• [What is being asked]: Omit every picture and return the rest of the data unaltered.

• [Data]:
_ _ _ _ _

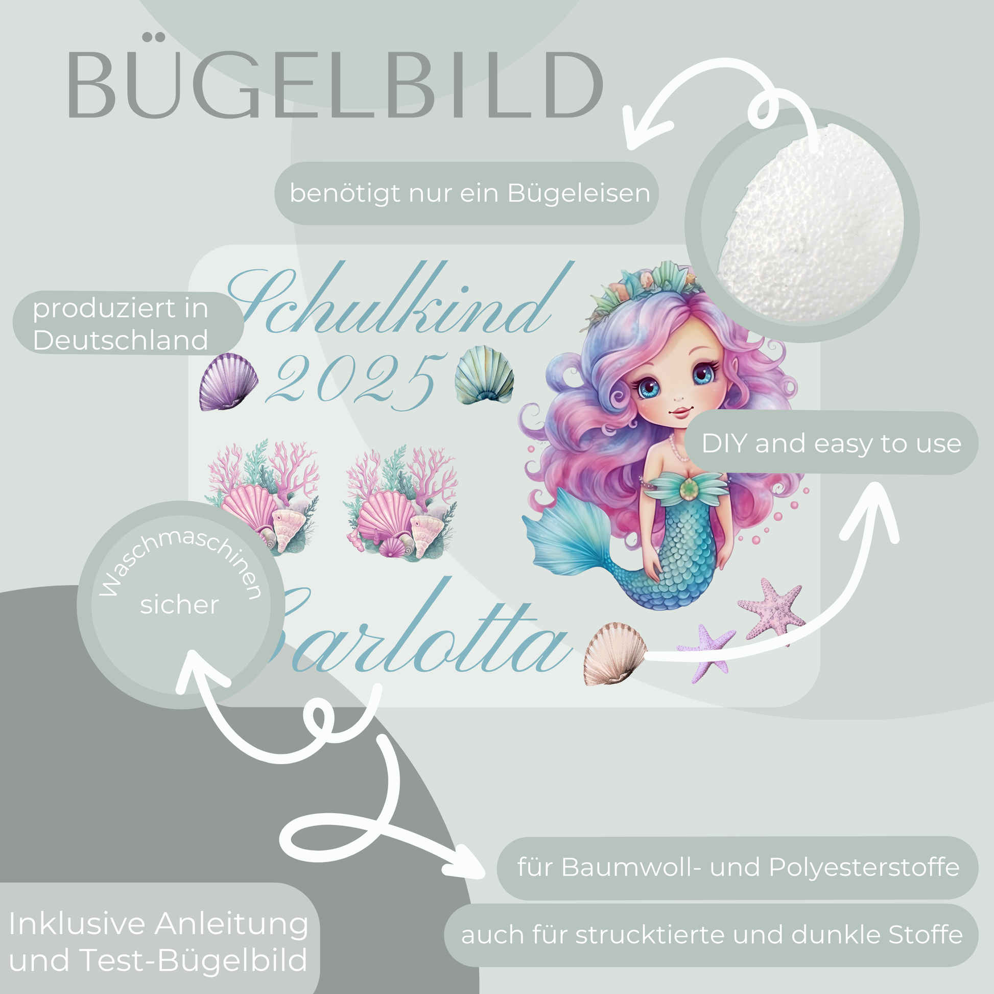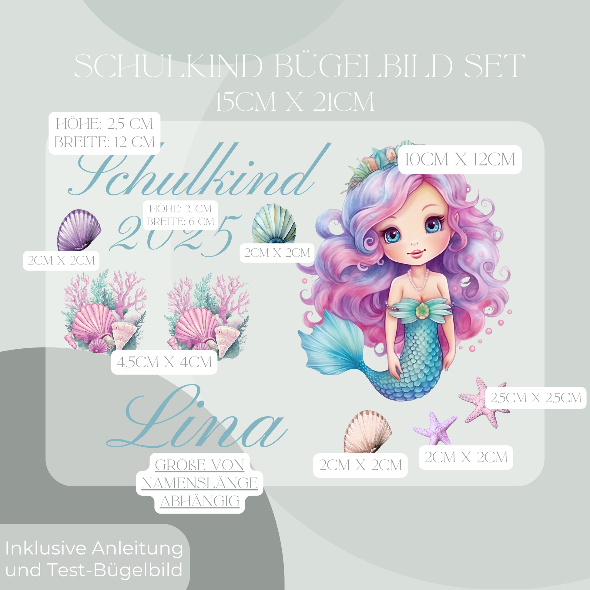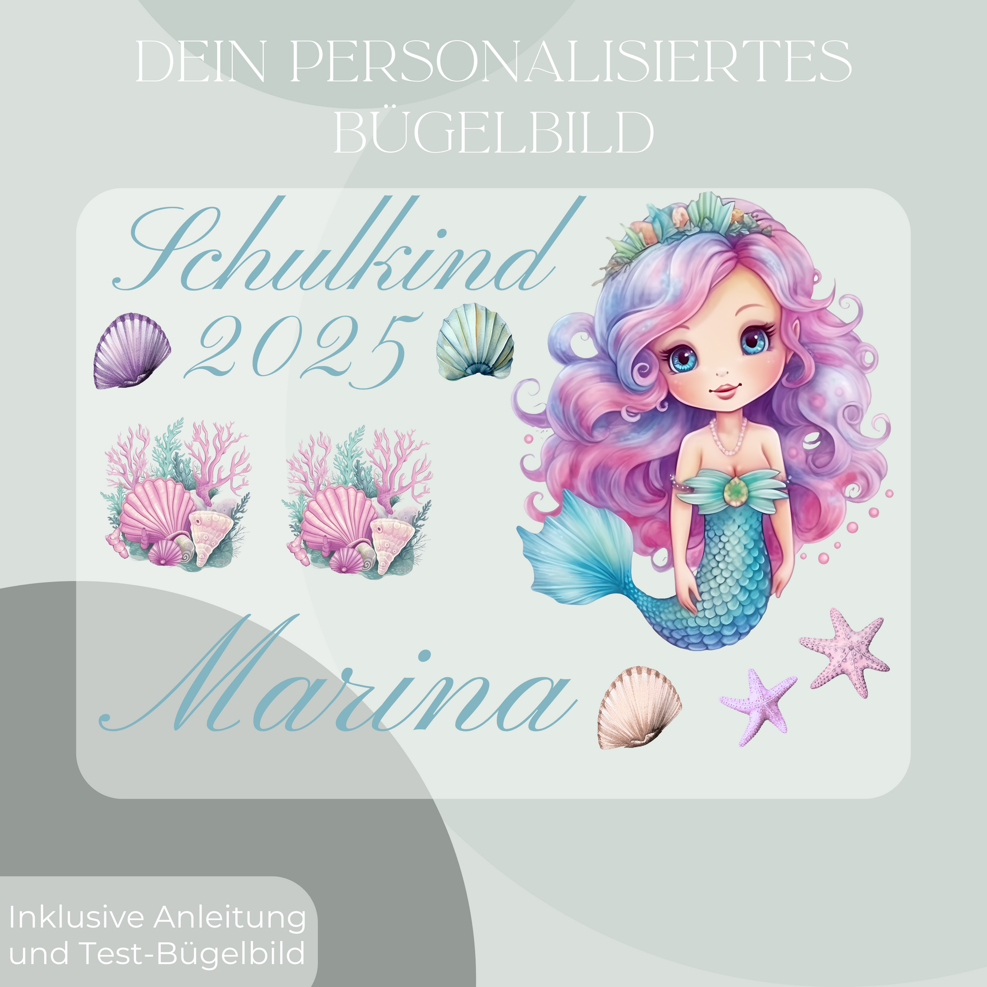 1 personalisierteres Bügelbild Set mit dem Motiv "Schulkind 2025 Meerjungfrau".
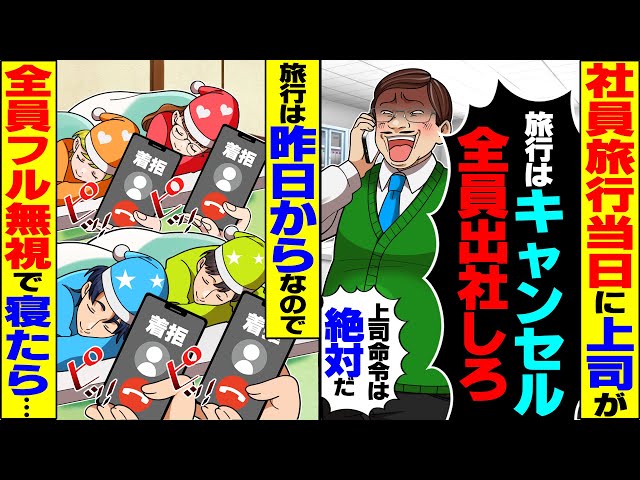 【スカッと】社員旅行当日に上司「旅行はキャンセルだ!全員出社しろ!」→昨日から旅行なので上司をフル無視して全員で寝たら…【漫画】【漫画動画】【アニメ】【スカッとする話】【2ch】
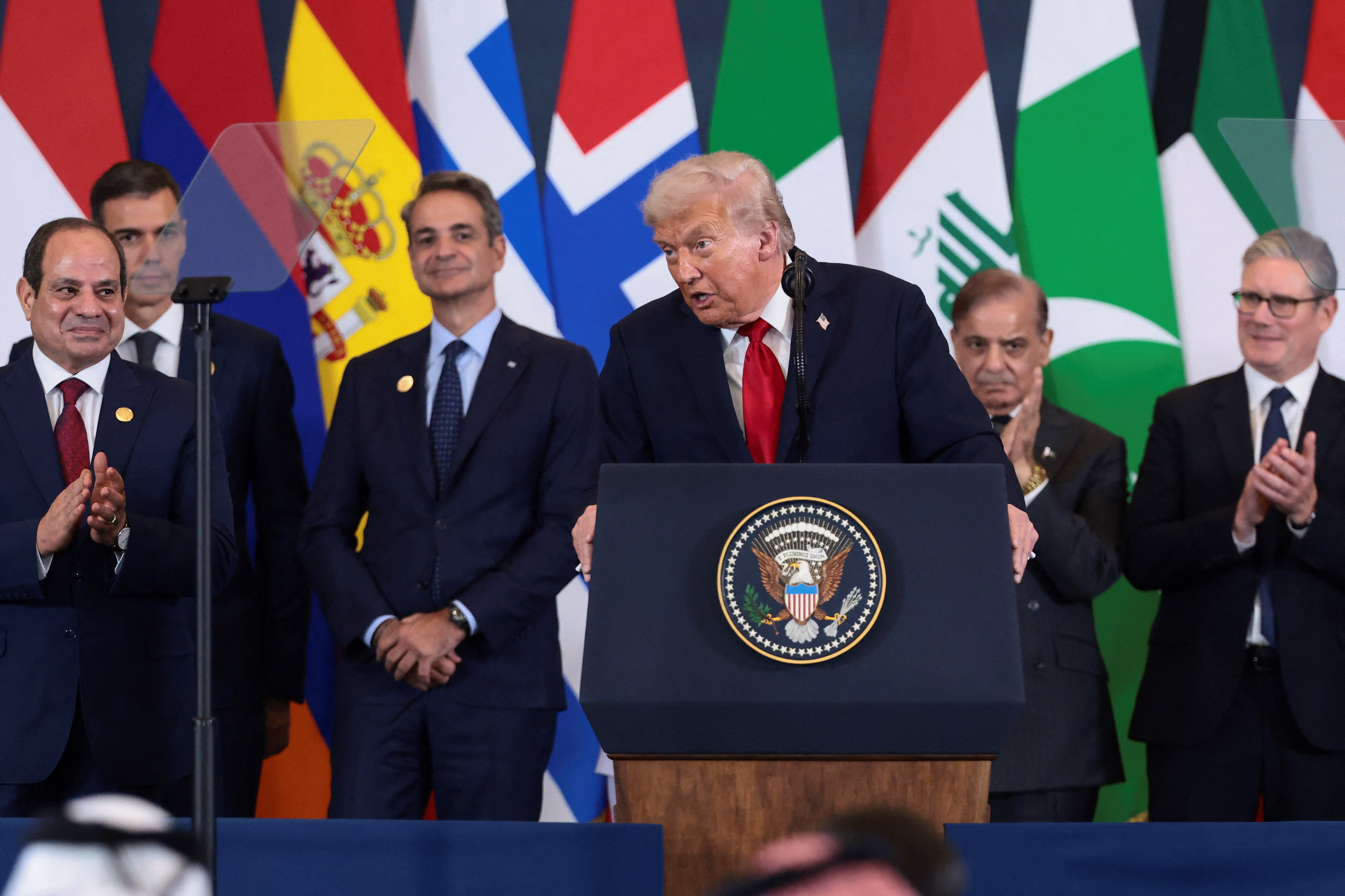 - 20:12Ο Τραμπ παραμένει στο βήμα - Χαιρετίζει τους παρόντες ηγέτες
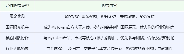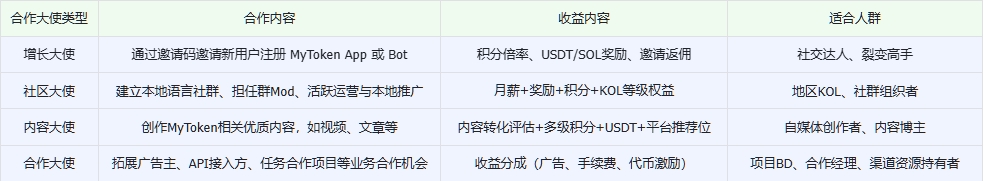 作为一个聚集了大量加密货币交易者的平台,我们非常激动地推出全球大使计划。成为 MyToken 大使后,您将在提升品牌知名度、创作优质内容、参与社区互动以及支持生态发展等方面发挥关键作用。

_ _ _ _ _

• [Problem solution]:
 1 personalisierteres Bügelbild Set mit dem Motiv "Schulkind 2025 Meerjungfrau".
 【スカッと】社員旅行当日に上司「旅行はキャンセルだ!全員出社しろ!」→昨日から旅行なので上司をフル無視して全員で寝たら…【漫画】【漫画動画】【アニメ】【スカッとする話】【2ch】
 - 20:12Ο Τραμπ παραμένει στο βήμα - Χαιρετίζει τους παρόντες ηγέτες
 作为一个聚集了大量加密货币交易者的平台,我们非常激动地推出全球大使计划。成为 MyToken 大使后,您将在提升品牌知名度、创作优质内容、参与社区互动以及支持生态发展等方面发挥关键作用。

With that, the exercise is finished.